About our recent phylogeny and the contribution by "modern" humans (the main or only human ancestors of all humans alive today) to why the lineages of "archaic" humans stopped lengthening

The ÆPT concept "EAVASIVE" covers behavioral human symptoms of CURSES; mainly humankind's wide range of more or less sophisticated cognitive and language-function dependent (or closely associated) actentions.

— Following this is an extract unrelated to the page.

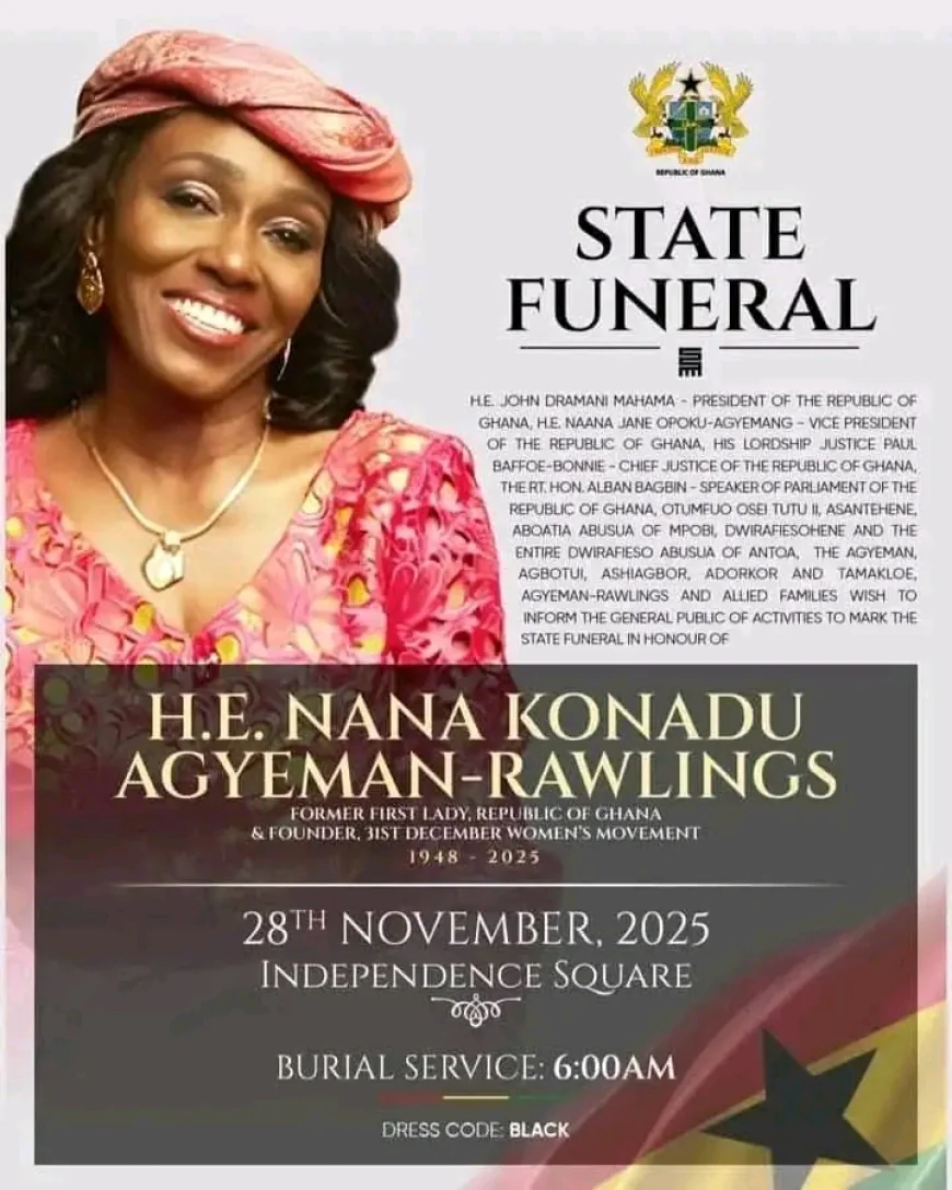 Ghana on Friday, 28 November, bid an emotional farewell to former First Lady, Her Excellency Nana Konadu Agyeman-Rawlings, whose burial ceremony at Independence Square drew hundreds of mourners, dignitaries, political leaders, and well-wishers from across the globe. She passed away on 23 October at the age of 76 after a short illness.

Facial ticks, more or less complex Tourette type behavioral symptoms are typically also endogenously motivated by CURSES, as are clearly compulsive ideational ways of becoming preoccupied/behaving. 

 

However, CURSES also co-motivate goal directed EAVASIVE behaviors or preoccupations (whether mundane or extraordinarily sophisticated in kind, and whether or not carried out successfully or with constructive or destructive consequences).

With this as a background, it is ÆPT to recognize what is likely to have significantly contributed to the end of archaic human lineages contemporary with our own "modern" human lineage was that our main "modern" ancestors were more potently EAVASIVE — yet not necessarily more technologically and culturally sophisticated.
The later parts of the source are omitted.